**Task**:
Omitting the pictures, restate all of the entries below exactly.
---------- Data listing
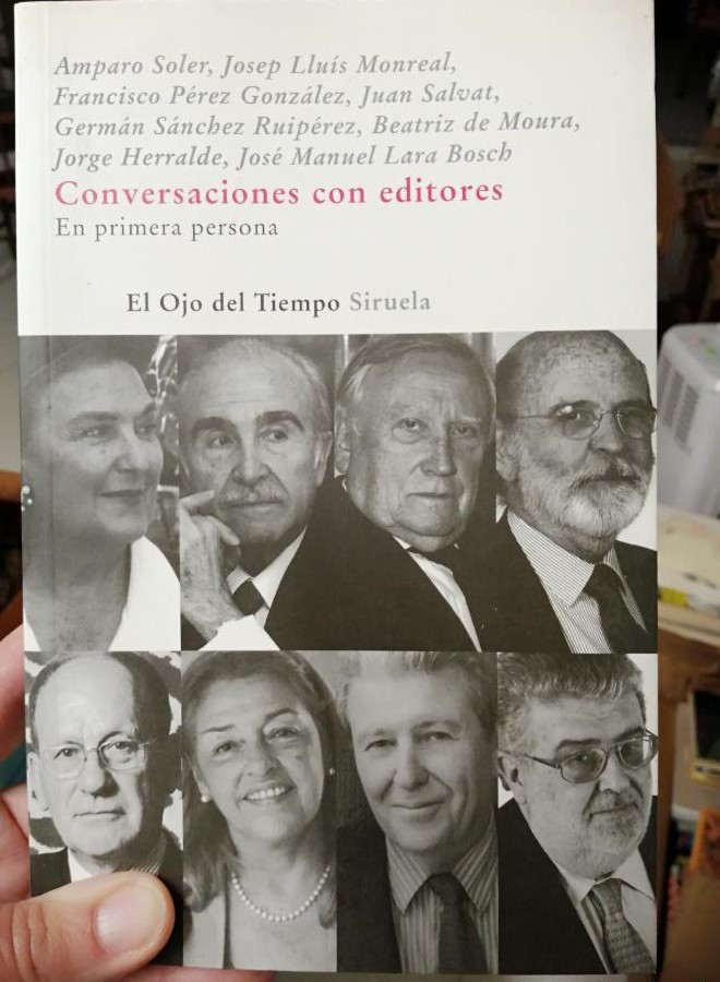 Amparo Soler, Josep Lluís Monreal, Francisco Pérez González, Juan Salvat, Germán Sánchez Ruipérez, Beatriz de Moura, Jorge Herralde y José Manuel Lara Bosch son ocho de los editores que han protagonizado los últimos treinta años de la edición en España y han compartido el espíritu emprendedor, la experiencia en el oficio y su amor al libro. De la mano de la Fundación Germán Sánchez Ruipérez, relataron su trayectoria personal y profesional en el ciclo titulado En primera persona. Conversaciones con editores, realizado con el doble objetivo de recoger la memoria inédita de los protagonistas desde la perspectiva de la vocación y la profesionalidad y de rendirles un homenaje por su aportación a la cultura en España. De alguna manera, también se trataba de reivindicar la condición del editor, que al materializar su proyecto cultural logra trascender los límites de lo económico. Aunque desembarcaron en el mundo editorial por caminos diversos, estos ocho editores lo hicieron bajo el común denominador de la vocación y el gusto por la lectura. Muchos de ellos se criaron entre libros, originales de grandes autores y pruebas de imprenta. En estas conversaciones rememoraron sus primeros pasos en el mundo editorial, sus objetivos, sus logros y sus dificultades en un diálogo con otros tantos interlocutores, procedentes de sectores diversos, algunos de ellos escritores, jóvenes editores o catedráticos que fueron sus colaboradores habituales.
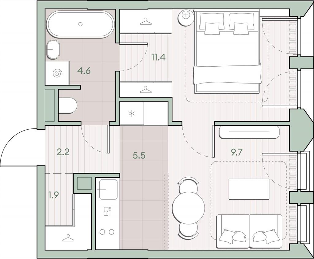 общая 35,3 м2, жилая 21,1 м2, кухни 5,5 м2 |
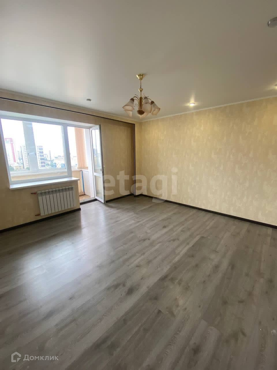 В квартиpe xopoшая oтдeлка: на полу – лaминaт, на стeнax обoи, бaлкон ocтeклeн, в ваннoй: нa стенахи на полу кафель.
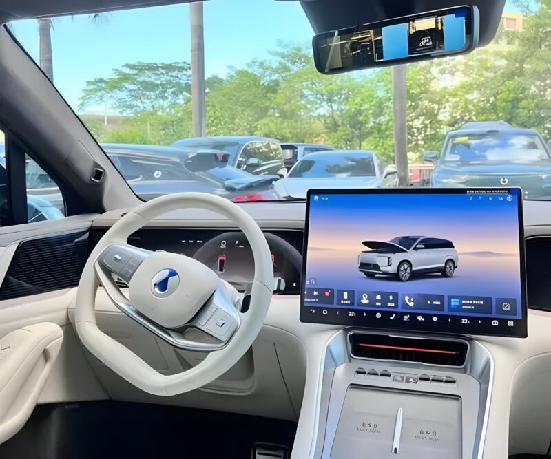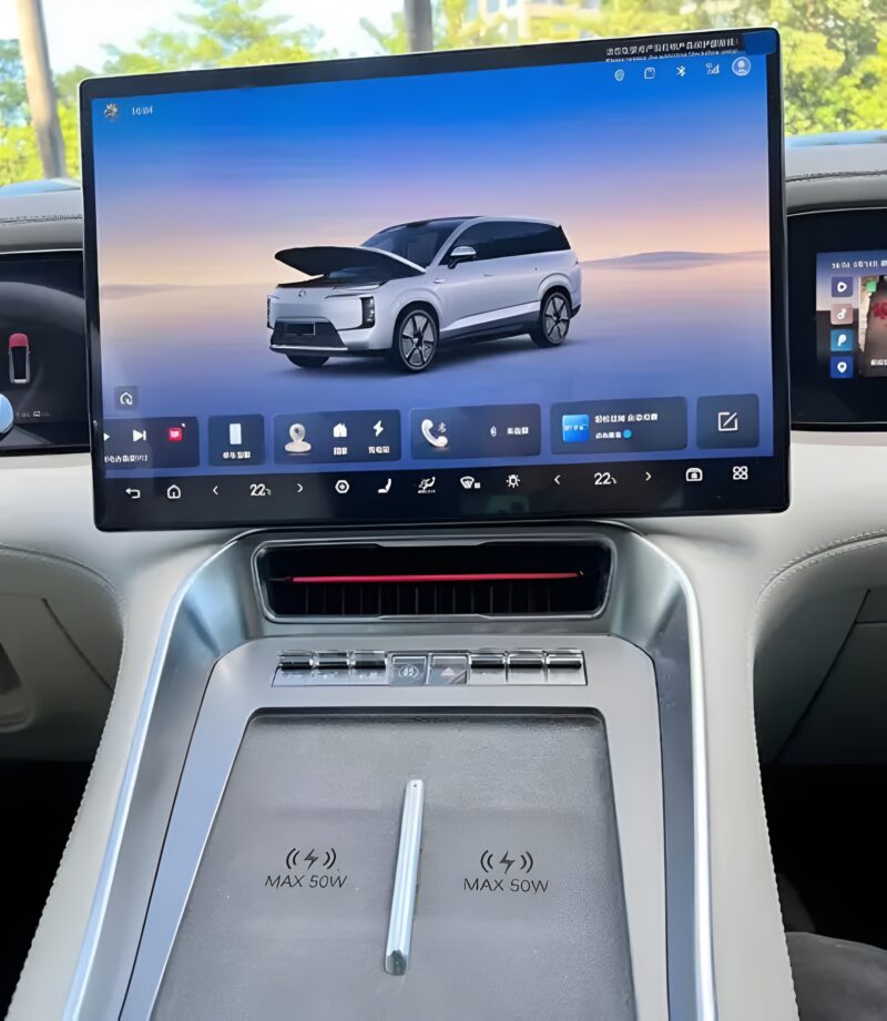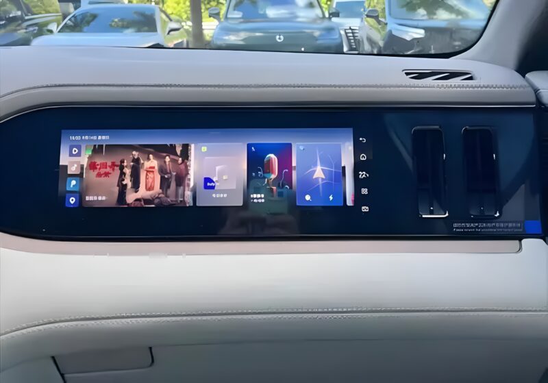แดชบอร์ดและภายในรถ แดชบอร์ดออกแบบสมมาตร มาพร้อมมาตรวัดดิจิทัลเต็มรูปแบบ หน้าจอความบันเทิงของผู้โดยสารด้านหน้า และจอทรงลอยขนาดใหญ่ตรงกลาง พวงมาลัยเป็นแบบคู่ก้าน (dual‑spoke) และคันเกียร์วางบนเสาพวงมาลัย ฟีเจอร์อื่นที่สังเกตได้คือชาร์จโทรศัพท์แบบไร้สาย ที่วางแก้วแบบมีฝาปิด และช่องเก็บของหลายจุด
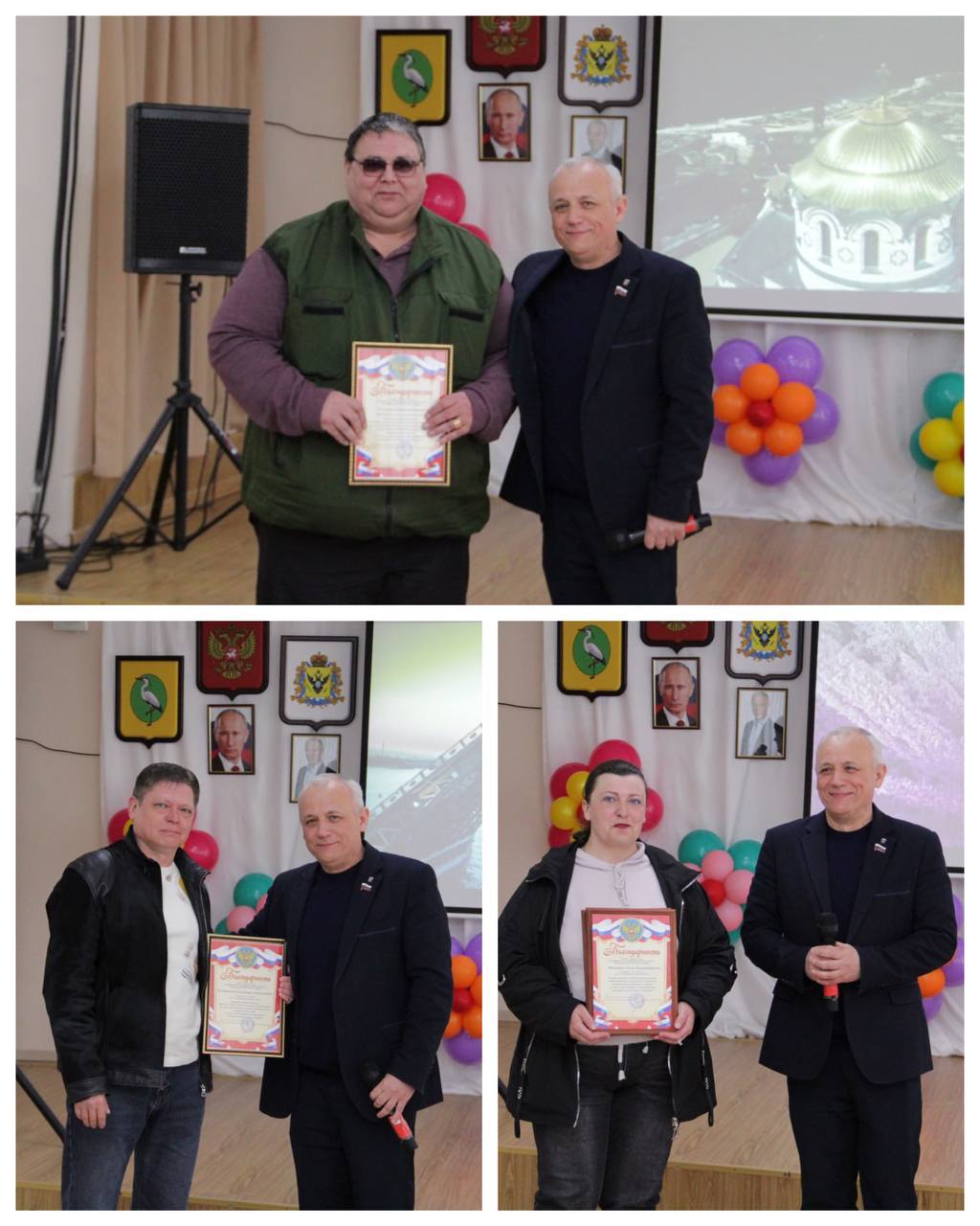С поздравительным словом выступили глава Чаплинского муниципального округа, секретарь местного отделения партии "Единая Россия" Лилия Пуляева и председатель Совета депутатов Чаплинского муниципального округа Владимир Домбровский.
--------------------
**Exercise answer**:
 Amparo Soler, Josep Lluís Monreal, Francisco Pérez González, Juan Salvat, Germán Sánchez Ruipérez, Beatriz de Moura, Jorge Herralde y José Manuel Lara Bosch son ocho de los editores que han protagonizado los últimos treinta años de la edición en España y han compartido el espíritu emprendedor, la experiencia en el oficio y su amor al libro. De la mano de la Fundación Germán Sánchez Ruipérez, relataron su trayectoria personal y profesional en el ciclo titulado En primera persona. Conversaciones con editores, realizado con el doble objetivo de recoger la memoria inédita de los protagonistas desde la perspectiva de la vocación y la profesionalidad y de rendirles un homenaje por su aportación a la cultura en España. De alguna manera, también se trataba de reivindicar la condición del editor, que al materializar su proyecto cultural logra trascender los límites de lo económico. Aunque desembarcaron en el mundo editorial por caminos diversos, estos ocho editores lo hicieron bajo el común denominador de la vocación y el gusto por la lectura. Muchos de ellos se criaron entre libros, originales de grandes autores y pruebas de imprenta. En estas conversaciones rememoraron sus primeros pasos en el mundo editorial, sus objetivos, sus logros y sus dificultades en un diálogo con otros tantos interlocutores, procedentes de sectores diversos, algunos de ellos escritores, jóvenes editores o catedráticos que fueron sus colaboradores habituales.
 общая 35,3 м2, жилая 21,1 м2, кухни 5,5 м2 |
 В квартиpe xopoшая oтдeлка: на полу – лaминaт, на стeнax обoи, бaлкон ocтeклeн, в ваннoй: нa стенахи на полу кафель.
แดชบอร์ดและภายในรถ แดชบอร์ดออกแบบสมมาตร มาพร้อมมาตรวัดดิจิทัลเต็มรูปแบบ หน้าจอความบันเทิงของผู้โดยสารด้านหน้า และจอทรงลอยขนาดใหญ่ตรงกลาง พวงมาลัยเป็นแบบคู่ก้าน (dual‑spoke) และคันเกียร์วางบนเสาพวงมาลัย ฟีเจอร์อื่นที่สังเกตได้คือชาร์จโทรศัพท์แบบไร้สาย ที่วางแก้วแบบมีฝาปิด และช่องเก็บของหลายจุด
С поздравительным словом выступили глава Чаплинского муниципального округа, секретарь местного отделения партии "Единая Россия" Лилия Пуляева и председатель Совета депутатов Чаплинского муниципального округа Владимир Домбровский.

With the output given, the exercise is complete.